EKBIS.CO, JAKARTA -- The merger of Gojek and Tokopedia to form GoTo did not violate business competition, according to Vice Chairman of the Indonesia Competition Commission (KPPU) Guntur Syahputra Saragih.
"The decision was taken after the KPPU conducted a through assessment of the aspects arising from the merger," KPPU Vice Chairman Guntur Syahputra Saragih noted in a press release statement, Tuesday (30/3/2022).
Saragih remarked that certain industries or businesses when merged could cause market concentration. However, Gojek and Tokopedia, which are technology companies and focus on digital services, have a multiset market, so they do not create market concentration.

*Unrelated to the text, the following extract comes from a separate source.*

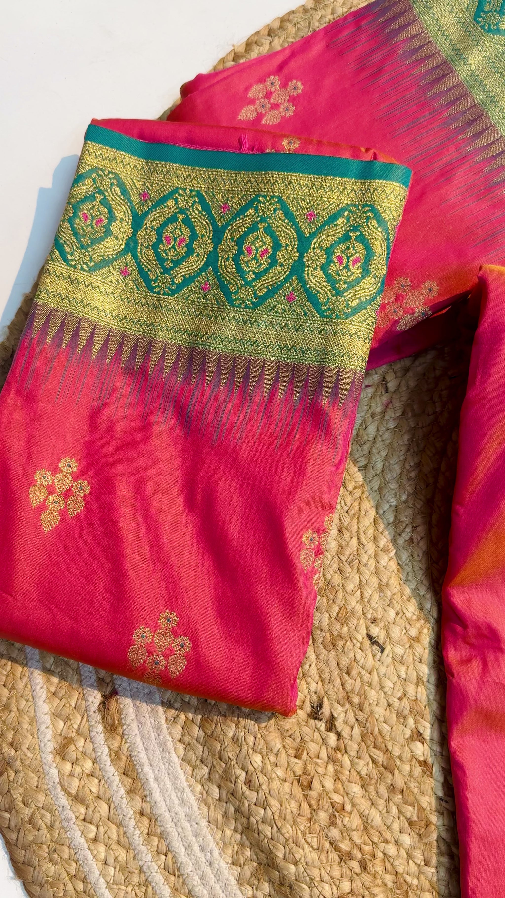The Malbari Pattu Saree is a timeless traditional garment, crafted with rich silk that reflects the heritage of Malabar weaving. Known for its fine texture and vibrant, durable colors, this saree offers an elegant drape suited for ceremonial and festive occasions. Its intricate craftsmanship ensures a luxurious feel, highlighting the wearer’s grace and sophistication with every use. Ideal for those who appreciate authentic South Indian artistry and quality in their wardrobe.

"In essence, the GoTo merger has no significant impact," Saragih emphasized.
In line with that, Director of Mergers and Acquisitions KPPU Aru Armando confirmed to several impact analyzes related to the Gojek-Tokopedia merger being conducted by the assessment commission team and the secretariat, including the impact of barriers on market entry, the effect of anti-competition, and the impact on unilateral conduct.

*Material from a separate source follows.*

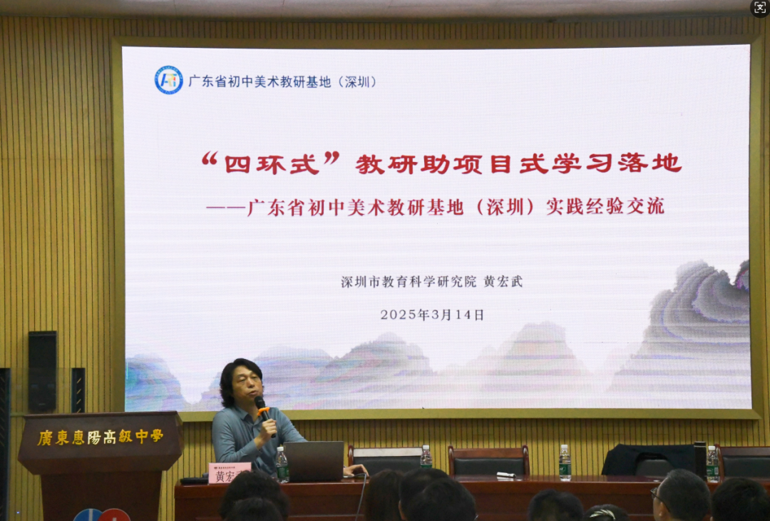3月14日下午,会议在惠阳高级中学正式拉开帷幕。此次会议得到了省教育研究院的高度重视,广东省教育教学研究院钟国荣老师、深圳市教育科学研究院德体艺教育研究中心主任黄宏武、广东外语外贸大学教授李于昆、佛山市教育局教研室美术教研员陈日新、广州市黄埔区玉树小学美术高级教师何楚如等相关专家亲临现场指导,广东省第五批省教研基地项目(小学美术、初中美术、高中美术)负责人及全体成员也悉数到场,共同开启这场美育盛会。

"The conclusion that can be drawn is that there are no significant indications related to the potential for unfair business competition," said Armando.

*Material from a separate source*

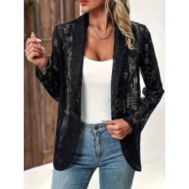 Elegant Plus Size Floral Lace Long Sleeve Open Front Blazer for Women - Stylish and Chic Clothing

Hence, the KPPU approved the merger or acquisition of shares, as there was no monopolistic practice or unfair competition in the takeover of shares by the company. Gojek had earlier made a merger notification regarding Tokopedia to the KPPU on August 9, 2021. This was done in compliance with KPPU's provisions, wherein for every merger and acquisition transaction that meets certain criteria, the KPPU must be notified after the transaction is effective.